John Young Releases Second Book
Fire in the Field is a collection of 16 short stories he has written since the 1980s
by Cynthia Smith
Reviewers use words like “heartbreaking” and “heartwarming” to describe the 16 short stories of Middle Americans in Wyomingite John Young’s second book, a collection titled Fire in the Field.
One thing I often don’t like about short stories is endings that leave you hanging. I found Young’s tales surprisingly satisfactory. People with small lives have large epiphanies; things shift. Each story is a micro-novel, a delicious no-cal snack that transports you to a place and time where you root ardently for new friend(s).
Father-Son Collaboration
The book was a collaboration between Young and his son Nick, who designed the cover and chapter illustrations. The stories, written over the last four decades (one from 1998 appeared in Yankee magazine and was praised by John Updike at the time), are filled with ordinary people facing complex moral, ethical, romantic or financial decisions: a neophyte high school journalist whose mother doesn’t see talent in him; a wife who must decide whether to try for a baby with her terminally-ill husband; an angry boy whose love didn’t have to leave seeking revenge; a woman making a Hail-Mary pass for forgiveness.
The 183-page book is hard to put down. Memories flood back when you read these exquisitely-crafted tales: of mistakes one made that couldn’t be undone; of crushes that almost became romances; of knotty family dynamics.
Here are a few plot teasers:
- A hapless antiques dealer snubbed by his peers discovers a clever way to earn their respect, and pay for his daughter’s college.
- The actions of a freeloading ne’er-do-well brother have surprising results.
- A 17-year-old girl in the classic teenage-girl pickle seeks advice from her mother, who faced a similar dilemma 17 years earlier.
Golden Antelope Press
Fire in the Field is Young’s second offering published by Missouri’s Golden Antelope Press. His debut was a well-received coming-of-age novel released in 2019: When the Coin is in the Air.
The second book came about at the request of his Golden Antelope editor, who asked Young in 2020 if he had another manuscript to submit. “I had all these short stories stacked on shelves and on hard discs,” Young says, “so I started looking them over and kind of fell in love with them again.”

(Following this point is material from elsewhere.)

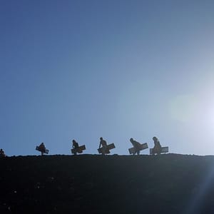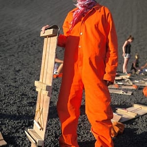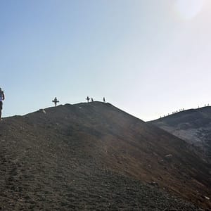Popadneme boardy (asi 5mm hrubé preglejky podbité oceľou, na začiatku je polka rúry ako nárazník, na konci je zvrchu prípravok na sedenie a zospodu už spomínaný plast na zlepšenie manévrovacích schopností), vaky s overalmi a vodou a poďho na sopku. Šlapeme za sebou ako húsky, občas vedúca zavelí prestávku, za čo sme jej každou ďalšou vďačnejší. Po najdrsnejšom (najstrmšom) úseku je dlhá pauza na fotenie sa na skale s výhľadom. My sme sa už ale počas predchádzajúcich zastávok prepracovali do konca pelotónu a nemáme ani síl na rozdávanie, tak len kukáme čo vyvádzajú iní, a dopíjame zvyšky našej vody. Tu už fajne fučí, tak nesiem board na zadku naklonený tak, aby ma vietor tlačil. Keď však nad skalou zmeníme smer, musím už board niesť vodorovne a chytať vietor tak, aby ho nadnášal. Keď sa mi to darí, board skoro vôbec nič neváži. Na hrebeni je ale vietor už taký silný, že ho neviem skrotiť a len si dávam pozor, aby ma nesfúkol. Sú pekné výhľady naokolo a do „krátera“ kde pofukujú kadejaké výpary a tak beriem aj Katkin board, nech si môže fotiť. V tom momente sme predposlední. A baby, ktoré sme vyhodnotili ako Izrealky majú vážne problémy, a preto mi príde ftipné, keď ma jedna z nich veľkodušne púšťa pred seba. Zvyšok pelotónu sa vzďaľuje, ale už vidím koniec, tak si hovorím, že to nejako vydržím. Skúšam sa opierať bordmi o vietor, ale ten je premenlivý a hrozí, že spadnem keď prestane. Potom zase príde a hodí ma do druhej strany. V jednom takomto údere nie som dosť pevne uzemnený a padám lakťom naoba boardy. Celkom to bolí, a uvažujem, že zostanem chvíľku len tak ležať a oddychovať, ale chcem už byť v závetrí a bez boardov v ruke, tak vstávam a šlapem ďalej. Keď konečne dorazím k ostatným, hodím boardy do škvary a oddychujem, a čakám na Katku bez síl ísť jej v ústrety. Keď sme všetci začneme sa obliekať a konečne pochopím, prečo mali americké surferky podkolienky – je to ideálny spôsob, ako zabezpečiť aby sa im do nohavíc overalov nedostala škvara z brzdenia. Všetky taktiež majú šatky cez nos, dobré proti prachu z brzdenia. Všetci sme oblečení a vedúca nám ukazuje ako sa jazdí. Pozerám sa dole kopcom, pod nami je preparkovaná tatrovka a vyzerá to prekliate strmo. Vôbec sa mi nezdá, že to bol dobrý nápad prísť sem hore a skúšať to zjazdiť. Ukľudnujem sa, že keď to už toľko ľudí zvládlo, tak tohádam zvládnem aj ja. Mám predsa aj nejaký ten tréning na snehu, a pred rokom som sa naposledy boboval na asi 20 metrovom svahu. Tento má pekných pár stovák, a škvara vôbec nevyzerátak mäkkúčko ako sneh. Jediné čo ma odrádza od zídenia svahu po vlastných je spomienka na strastiplné nesenie boardu cez vietor. Po inštruktáži boardovania tam už naše boardy nie sú, niekto iný si ich zobral, tak beriem nejaký, ktorý mi po pár sekundách berie nejaký otravný pako, že to je jeho, že on mal ružovú šnúrku. Čistý gejlord. Beriem si teda iný a zoraďujem sa na koniec, aby som mal možnosť poučiť sa z chýb predchodcov. Sme na konci, po nás sú len tri Izrealky s čierno nalakovanými nechtami na rukách. Sú dva štarty 5 metrov od seba a vedúca púšta na striedačku raz jeden, raz druhý. Katka vyráža zo vzdialenejšieho, a ja usadám na svoj, takže ju moc nevidím. Keď vedúca odmáva mňa okamžite štartujem, čo sa neskôr ukáže ako chyba. Ide to celkom svižne, snažím sa moc nebrzdiť, lebo z toholieta škvara, ale aj tak ma začne nejako vytáčať a zošuchávať z boardu. Snažím sa to nejako decentne ubrziť aby som sa znova vycentroval a nakoniec sa mi to podarí už s polkou zadku na škvare. Je mi teraz jasné, prečo má toľko overalov predraté zadky. Vycentrujem sa a frčím ďalej, teraz lieta okolo a do mojich rúk o poznanie viac škvary a čo je najhoršie, vyzerá to tak, že dobieham ženskú, čo štartovala predomnou. Musím teda brzdiť a to predstavuje hneď dva problémy. Jednak budem mať zlú nameranú rýchlost (dole šofér tatrovky metria policajným merákom ľudí rútiacich sa na neho), a druhak brzdenie vnášalo do smeru jazdy dodatočnú neurčitosť (krútilo to na stranu ak sa nebrzdilo symetricky). Do tretice som ešte nadobudol pocit, že radšej trošku zahnem ako budem brzdiť lebo aj tak to neubrzdím. Nakoniec sa ale nič strašného nestalo (ak nepočítam moju mizernú rýchlost 32km/hr), zostal som stáť na ešte nie uplnej rovinke sám od seba, a ešte som musel 5 metrov board tahať ku tatrovke. Tam už vedúca chladivým sprejom ošetrovala odreniny vyklopených expertov, ku ktorým sa na moje veľké počudovanie radila aj Katka. Keďže sa obetovala a dala si moj krátky a široký overall, do toho sa ešte aj vyklopila tak, že sa jej tento vyhrnul a oškrabala si aj ruku aj nohu. Je to proste kaskadérka. Ako náplasť jej slúžilo, to, že to ako 3 zo 6 fotiek dotiahla na Facebook BigFootu. Wipeout ako vymaľovaný. Niektorí ľudia su pekne zaprášený na tvári, jedna Izrealka vyzerá ako by mala bradu ako George Michael. Celkom ftipné. Dostávame každý chladené pivo, ktoré poučený pijem expresne pred tým ako naskočíme na korbu náklaďáku, na korbe dostaneme koláčiky a trmácame sa naspať. Nikto nechce ísť na WC pri budove parku, okrem jednej surferky, ktorá na naše nabádanie vyskakuje priamo z korby, lebo cez napchatú posádku by sa neprepchala. Nanešťastie dopadne na kostrč, a tak si do konca cesty pridŕža na zadku zamrznutú fľašu vody. Cesta naspať je iná, často oproti nám idú volky alebo náklaďaky spojené so školskými autobusmi. Občas musíme cúvať, konáre ale stále búchaú po hánkach, alebo po hlavách baby čo sedia. Mám ale trochu lepši pozíciu a tak je cesta naspäť predsalen o čosi kratšia. Na hosteli nás vítajú free mojitom, ku

All the stories were rewritten and polished for Fire in the Field. Each is built around a happening in Young’s life that made a strong impression on him.
He loves writing short stories because “you get a smaller, tighter dramatic window on a character or two. A short story can be completed quickly; you can fail fast, fix things and try again.” It takes him at least two years to write a novel, but only a few weeks or months to complete a short story.
Going Around Again
In April, Young found out his second novel, Getting Huge (from which the Fire in the Field story “A Pumpkin Summer” is excerpted) will be published in 2023 by Toronto’s Guernica Editions.
Both of his books are available from major booksellers and at libraries in paper and ebook form.
He is now working on a third novel.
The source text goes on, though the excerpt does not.